# PHP script per JAVASCRIPT starten



## volker pakutelli (6. August 2003)

hi
dumme frage, aber ich hab halt echt keinen plan von javascript... mein javascript soll unter bestimmten umständen einfach ein PHP script aufrufen bzw. einige PHP befehle ausführen

danke für eventuelle antworten


----------



## vogtländer (6. August 2003)

Javascript soll einige PHP-Befehle ausführen? Das wird dir nicht gelingen.
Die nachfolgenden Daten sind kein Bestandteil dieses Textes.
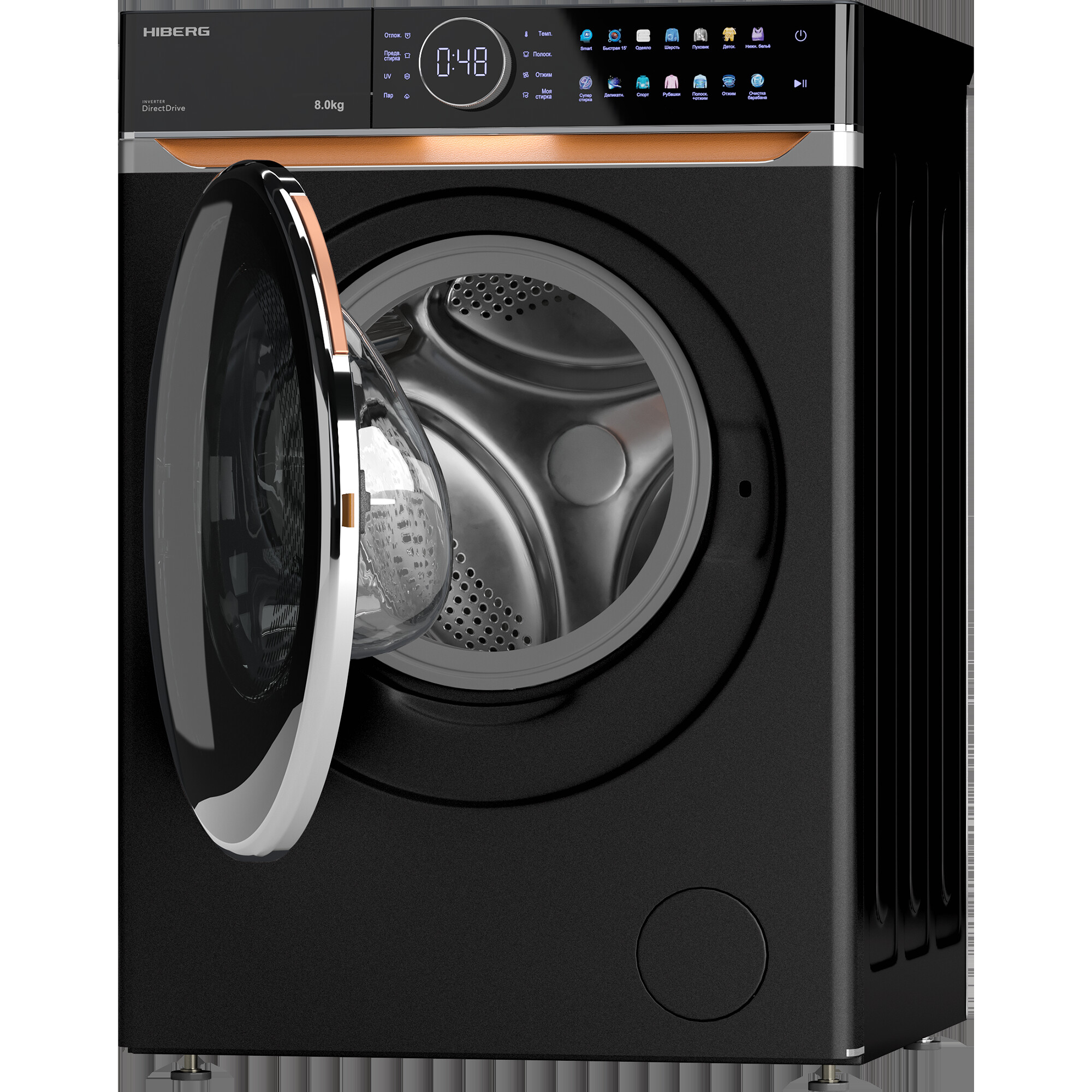 - очистка барабана интеллектуальное управление стиркой выбор температуры стирки выбор скорости отжима контроль за уровнем пены сигнал окончания стирки отложенный старт контроль баланса
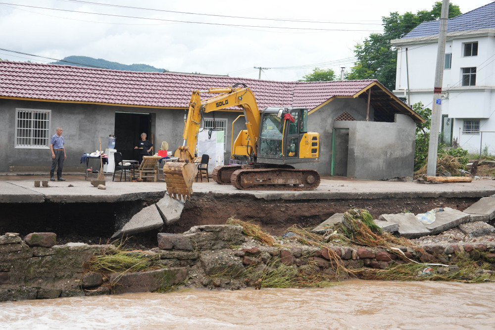 6月23日,在茶庵寺镇三元潭村,挖掘机在处理路基被洪水冲垮的村道。新华社记者 薛宇舸 摄
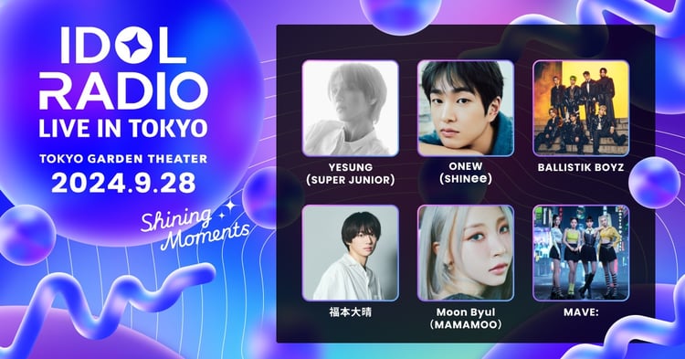 音楽イベント「IDOL RADIO LIVE IN TOKYO~Shining Moments~」が9月28日に東京・東京ガーデンシアターにて開催されることが決定。第1弾ラインナップとして、オンユ(SHINee)、福本大晴(ex. Aぇ! group)、イェソン(SUPER JUNIOR)、BALLISTIK BOYZ、ムンビョル(MAMAMOO)、そして韓国のバーチャルガールズグループ・MAVE:の出演が発表された。
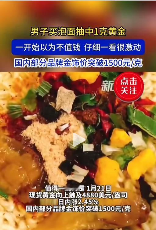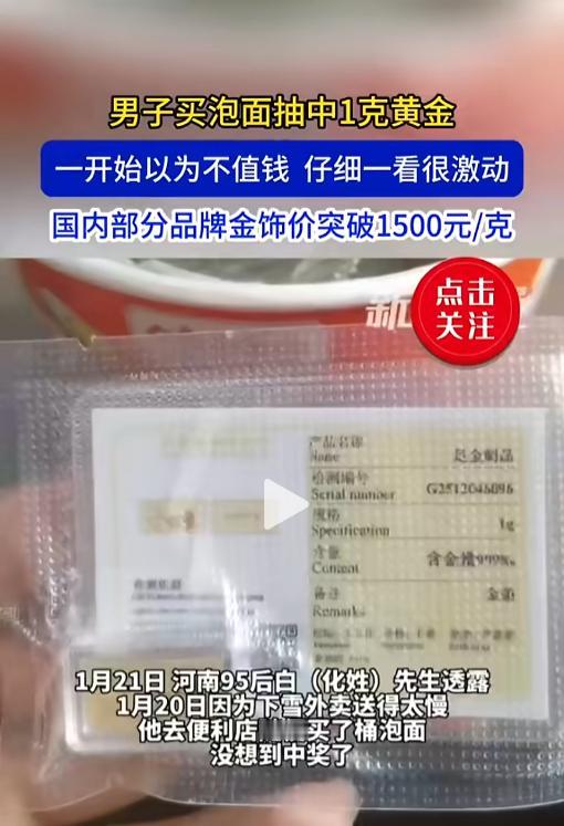 “这简直是捡钱啊!”近日,河南,一男子点外卖后因下雪天无人配送,就去便利店买了桶泡面充饥。打开后,里面居然有一张金色卡片。男子刚开始以为是个装饰品,吃完泡面一看竟然是真黄金,还带着鉴定证书呢!网友:我买的咋啥都没有! 现在很多商家出于促销或者回馈顾客的目的,都会在商品中做一些抽奖活动。黄金大奖一直都活在传说中,没想到今天遇上了。 据媒体报道,1月21日晚上,白先生下班后点了一份外卖,因为天气原因一直没有骑手接单。白先生实在是饿得慌,就先去便利店买了桶泡面,准备先对付一下。 白先生回到家泡面的时候发现,泡面盒子里面多一个塑料袋子,刚开始,他也没在意,就放在一边吃面了。吃完面后,他又拿起那个袋子,发现上面写着黄金包,仔细一看,竟有张一克的金卡和鉴定证书。 一想到现在的黄金价格这么高,白先生可高兴坏了,抓紧时间联系了客服核实。客服跟他确认,真的是中奖了,不仅如此,还额外又送了他一箱泡面。 网友看后表示,酸了酸了,这运气羡慕不来。还有网友表示,多亏了没有骑手接单,要不然这黄金大奖就属于别人了!这是现代版的塞翁失马啊,一时的不如意也没有什么大不了的,说不定这是惊喜的前奏呢! 信息来源:《男子
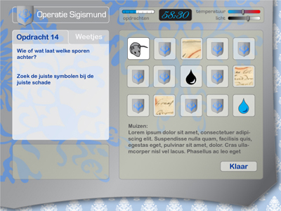 The Operation Sigismund development panel has given us feedback on mood boards, narrative scenarios, (interaction) design sketches, exemplary assignments, and hard- and software mock-ups. They even had to pretend walking through the basement rooms following chalked outlines of the interior elements. Their feedback and enthusiasm is an important factor in our development process, called ‘users-as-designers’.
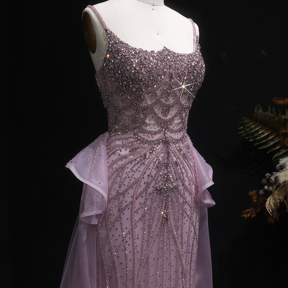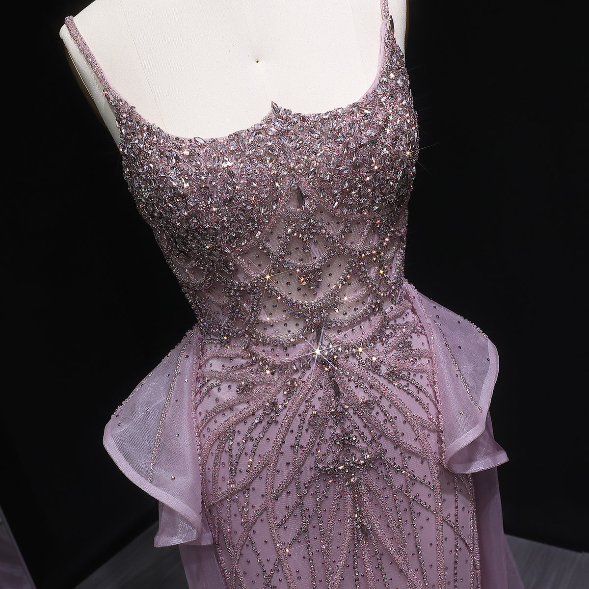 Luxury Champagne Beaded Spaghetti Strap Evening Dress SS026
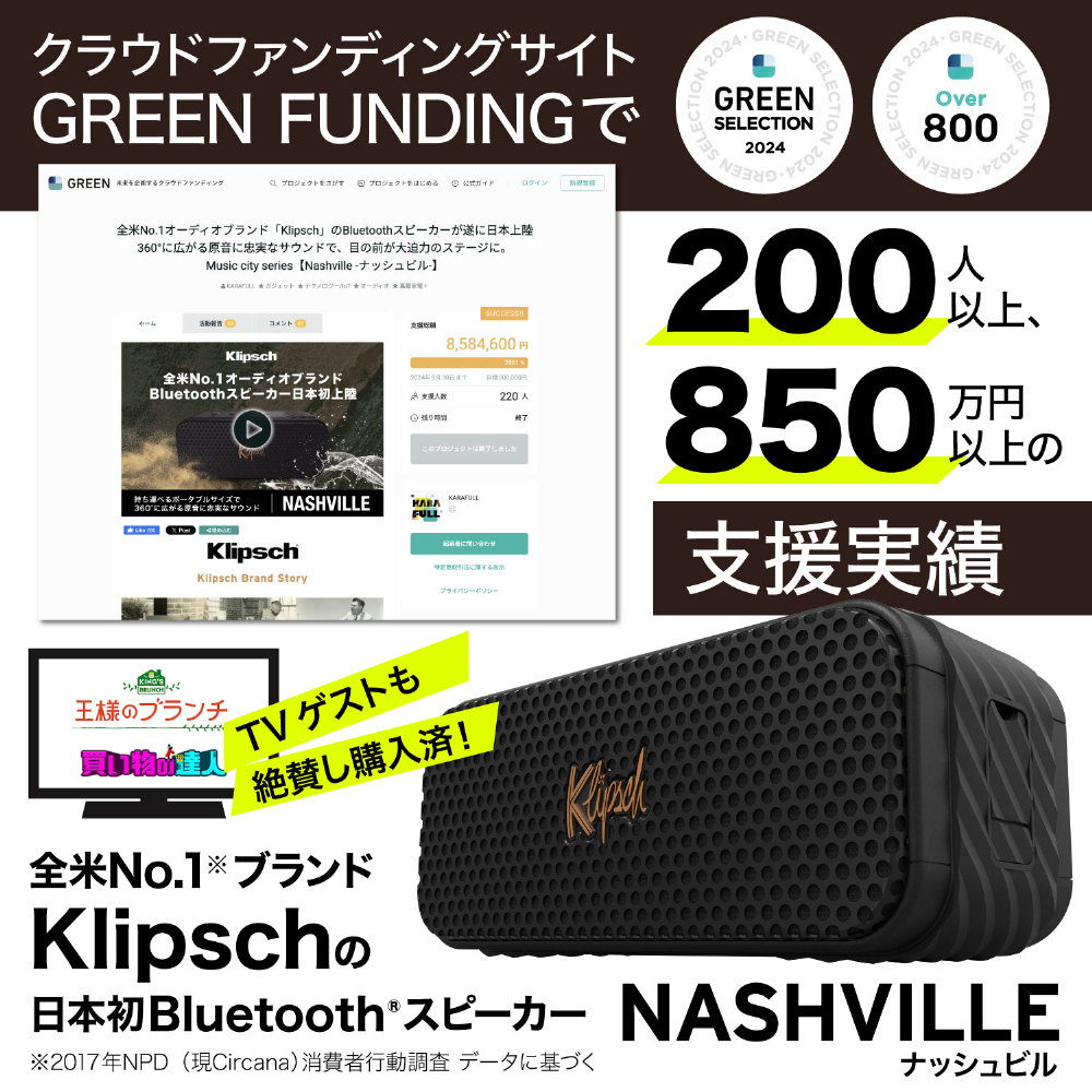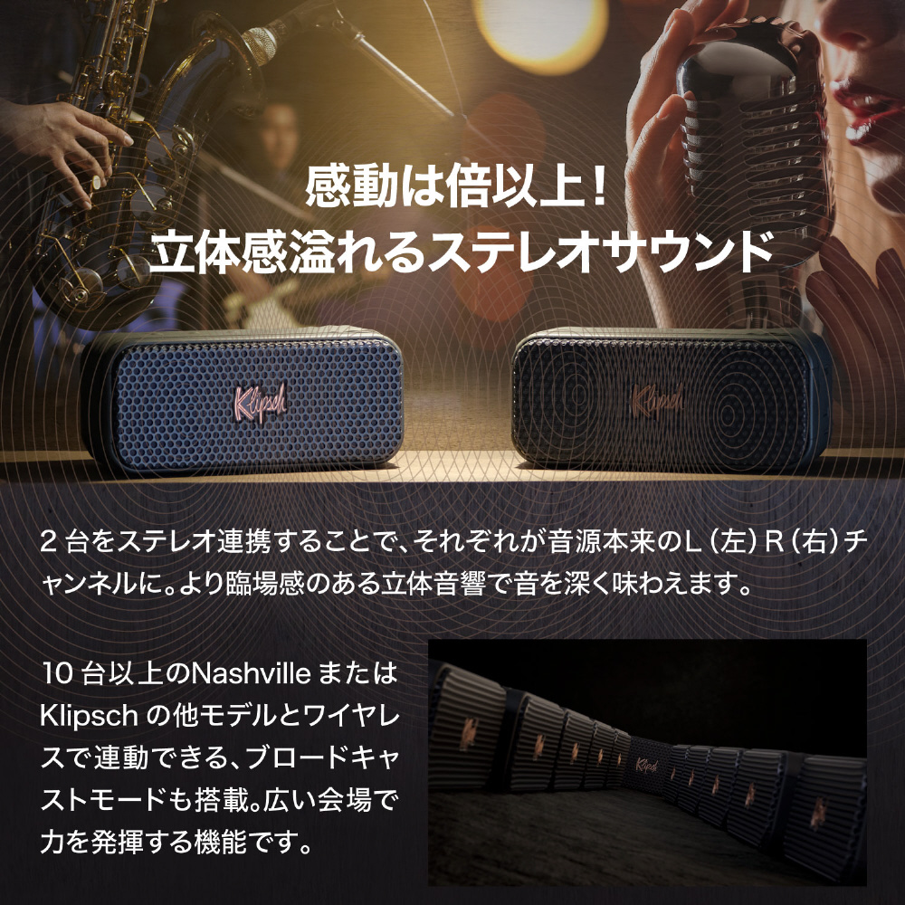 また、10台以上のNashvilleまたはKlipschの他モデル(Austin、Detroit)とワイヤレスで連動できるブロードキャストモードも搭載。

Du kannst lediglich mit JS ein ganzes PHP-Script starten, das sieht aber genauso aus, als würdest du eine HTML-Datei aufrufen:

this.location.replace("bla.php");

Mehr wird nicht gehen, außer dass du Parameter übergeben kannst.

Gruß
Falk


----------



## volker pakutelli (6. August 2003)

danke, das sollte schicken ;-)


----------



## wolfgang_s (8. August 2003)

Hallo!

da gibts schon noch andere Möglichkeiten.

beispiel

<a href="javascript:tues()">


function tues()
{
x=new Image()
x.src="deinephpdatei.php"
}


dabei machst du dir die dummheit des Browsers zu nutze. 

bei der zuweisung an das image weiss der Browser nicht was er da anfordert. wenn ers merkt ists zu spät, und das script ist ausgeführt.

cu


----------



## volker pakutelli (8. August 2003)

auch janz nett, aber funktioniert schon. danke!!


----------